__Exercise description__. When you reach the line with "MiaBella pure 18K" in the records below, begin transcribing exactly and continue up to and including the line with "RRB Group D", leaving out every picture.

Top of Data to use

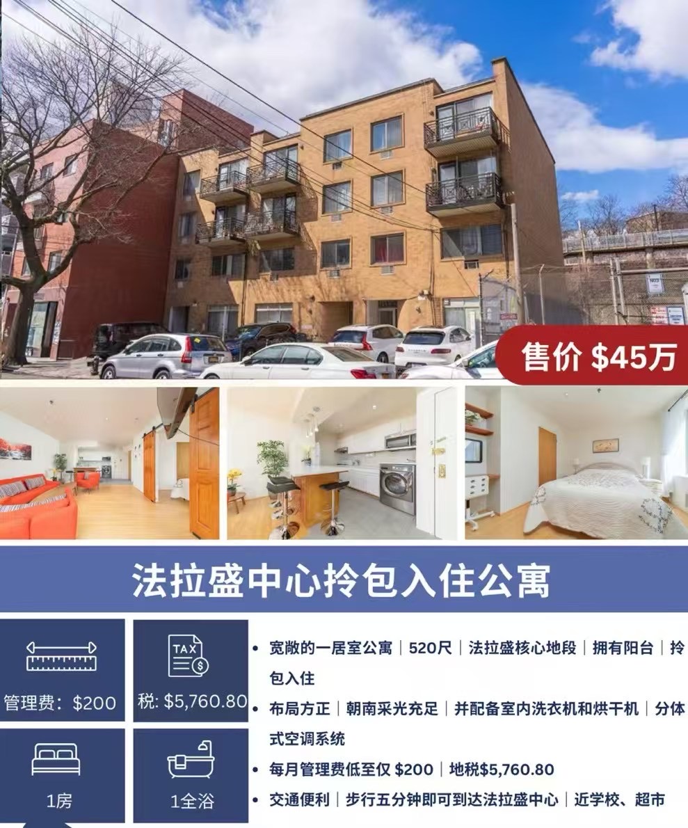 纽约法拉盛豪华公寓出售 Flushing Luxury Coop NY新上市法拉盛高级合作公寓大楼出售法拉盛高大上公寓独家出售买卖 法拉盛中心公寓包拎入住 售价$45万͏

Bottom of Data to use
Top of Data to use

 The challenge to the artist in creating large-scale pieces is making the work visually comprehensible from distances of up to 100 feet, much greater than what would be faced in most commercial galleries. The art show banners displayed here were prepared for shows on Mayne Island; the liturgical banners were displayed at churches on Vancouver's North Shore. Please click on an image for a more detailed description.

Bottom of Data to use
Top of Data to use

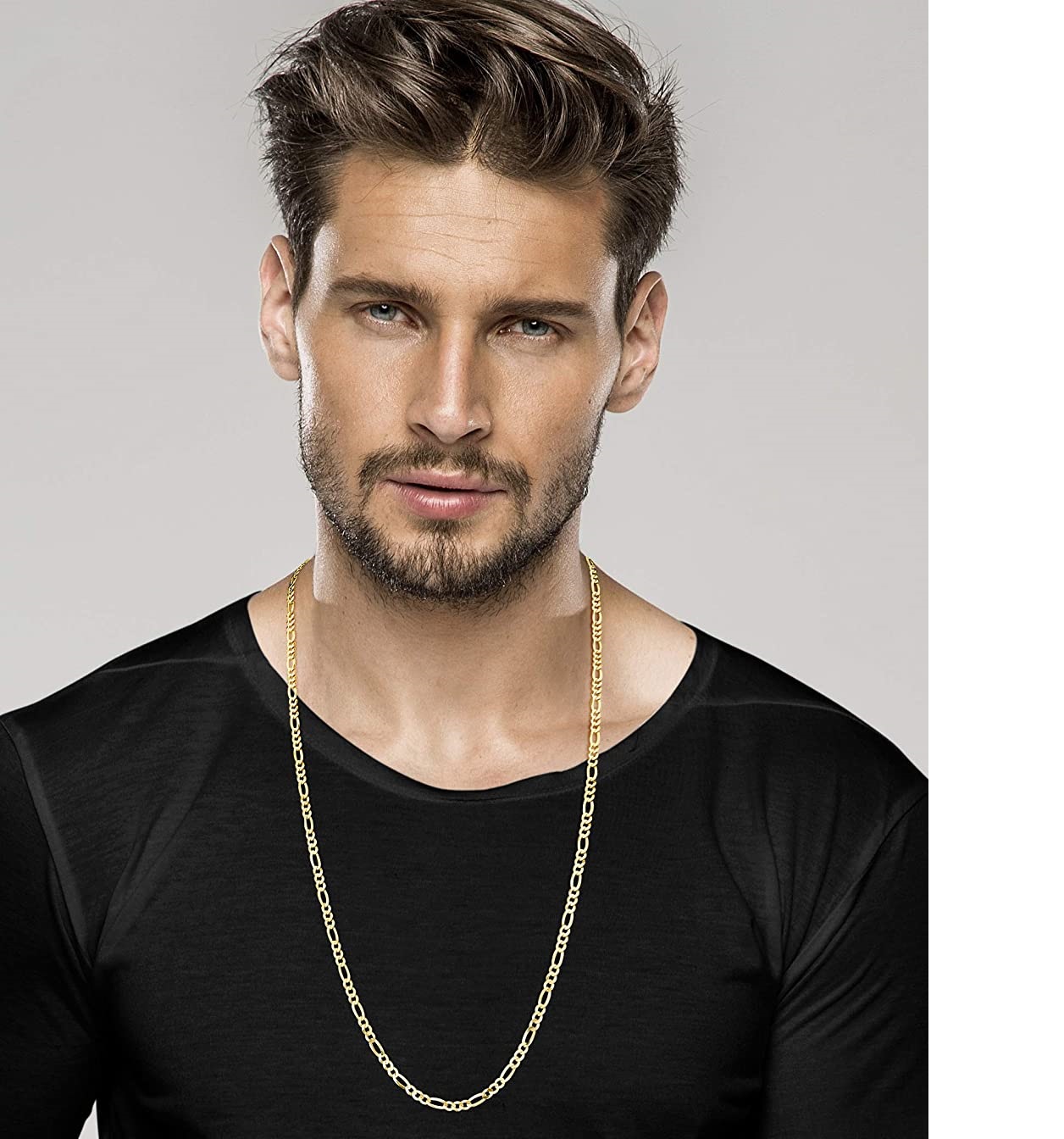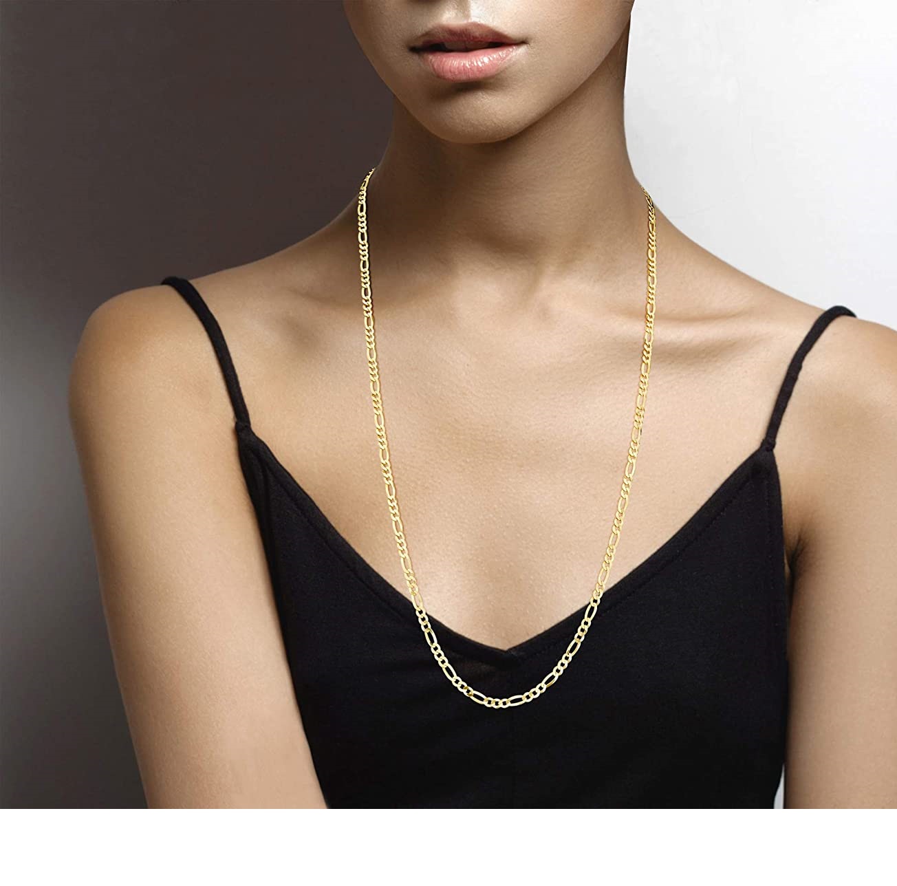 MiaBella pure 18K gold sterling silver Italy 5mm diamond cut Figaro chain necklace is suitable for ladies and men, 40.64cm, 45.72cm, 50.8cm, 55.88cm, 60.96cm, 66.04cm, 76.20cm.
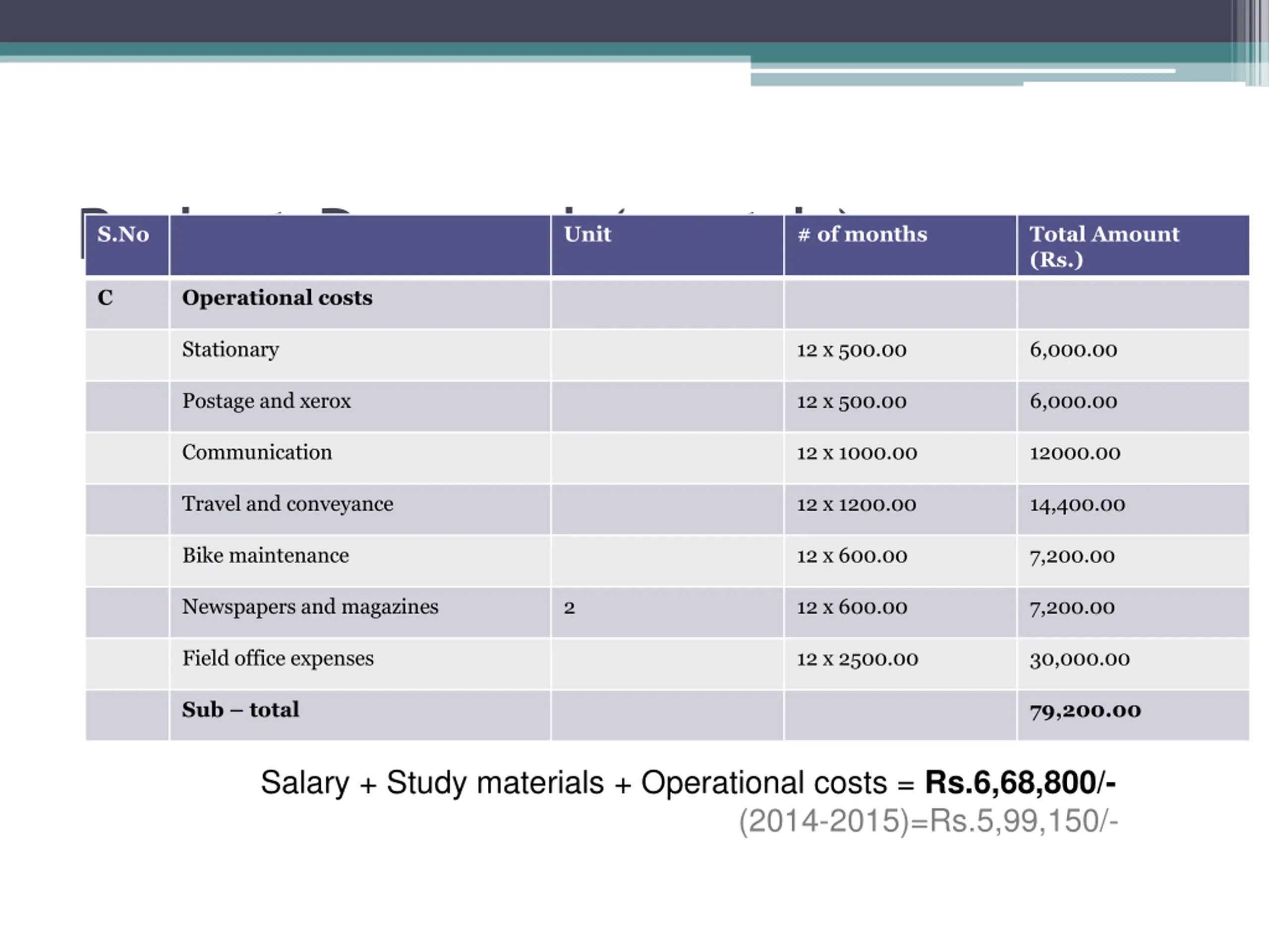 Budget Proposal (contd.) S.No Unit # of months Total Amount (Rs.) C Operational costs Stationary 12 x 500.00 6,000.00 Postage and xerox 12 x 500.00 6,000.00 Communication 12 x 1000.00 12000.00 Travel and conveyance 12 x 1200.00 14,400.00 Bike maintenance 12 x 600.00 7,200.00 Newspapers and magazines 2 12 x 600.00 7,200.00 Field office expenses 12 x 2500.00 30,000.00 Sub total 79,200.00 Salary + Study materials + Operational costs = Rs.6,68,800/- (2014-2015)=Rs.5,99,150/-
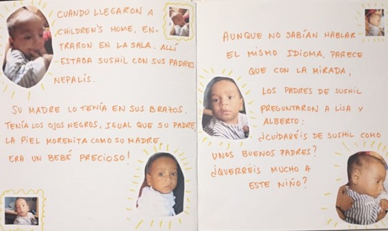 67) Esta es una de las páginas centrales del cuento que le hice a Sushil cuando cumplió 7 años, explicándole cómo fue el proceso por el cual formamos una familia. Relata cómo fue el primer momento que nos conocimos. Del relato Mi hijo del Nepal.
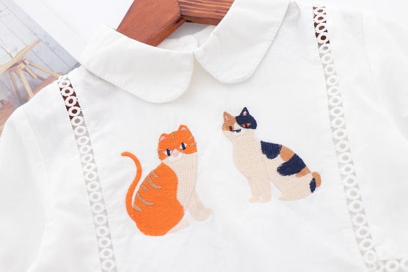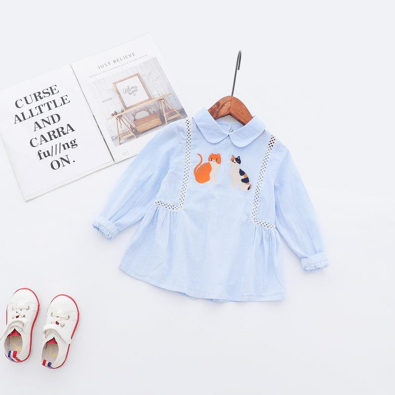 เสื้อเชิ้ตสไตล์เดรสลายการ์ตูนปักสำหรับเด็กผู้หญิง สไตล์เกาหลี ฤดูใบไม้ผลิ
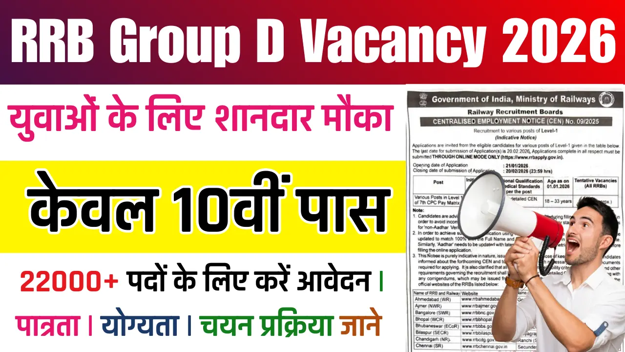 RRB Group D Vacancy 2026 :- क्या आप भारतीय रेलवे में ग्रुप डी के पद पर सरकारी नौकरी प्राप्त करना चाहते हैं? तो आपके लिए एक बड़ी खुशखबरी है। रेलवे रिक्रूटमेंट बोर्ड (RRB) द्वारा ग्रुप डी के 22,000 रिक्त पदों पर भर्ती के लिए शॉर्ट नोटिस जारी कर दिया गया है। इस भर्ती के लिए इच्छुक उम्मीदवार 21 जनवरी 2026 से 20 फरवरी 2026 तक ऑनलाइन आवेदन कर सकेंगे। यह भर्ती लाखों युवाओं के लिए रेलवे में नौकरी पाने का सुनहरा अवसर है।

Bottom of Data to use

__Task output__.
 MiaBella pure 18K gold sterling silver Italy 5mm diamond cut Figaro chain necklace is suitable for ladies and men, 40.64cm, 45.72cm, 50.8cm, 55.88cm, 60.96cm, 66.04cm, 76.20cm.
 Budget Proposal (contd.) S.No Unit # of months Total Amount (Rs.) C Operational costs Stationary 12 x 500.00 6,000.00 Postage and xerox 12 x 500.00 6,000.00 Communication 12 x 1000.00 12000.00 Travel and conveyance 12 x 1200.00 14,400.00 Bike maintenance 12 x 600.00 7,200.00 Newspapers and magazines 2 12 x 600.00 7,200.00 Field office expenses 12 x 2500.00 30,000.00 Sub total 79,200.00 Salary + Study materials + Operational costs = Rs.6,68,800/- (2014-2015)=Rs.5,99,150/-
 67) Esta es una de las páginas centrales del cuento que le hice a Sushil cuando cumplió 7 años, explicándole cómo fue el proceso por el cual formamos una familia. Relata cómo fue el primer momento que nos conocimos. Del relato Mi hijo del Nepal.
 เสื้อเชิ้ตสไตล์เดรสลายการ์ตูนปักสำหรับเด็กผู้หญิง สไตล์เกาหลี ฤดูใบไม้ผลิ
 RRB Group D Vacancy 2026 :- क्या आप भारतीय रेलवे में ग्रुप डी के पद पर सरकारी नौकरी प्राप्त करना चाहते हैं? तो आपके लिए एक बड़ी खुशखबरी है। रेलवे रिक्रूटमेंट बोर्ड (RRB) द्वारा ग्रुप डी के 22,000 रिक्त पदों पर भर्ती के लिए शॉर्ट नोटिस जारी कर दिया गया है। इस भर्ती के लिए इच्छुक उम्मीदवार 21 जनवरी 2026 से 20 फरवरी 2026 तक ऑनलाइन आवेदन कर सकेंगे। यह भर्ती लाखों युवाओं के लिए रेलवे में नौकरी पाने का सुनहरा अवसर है।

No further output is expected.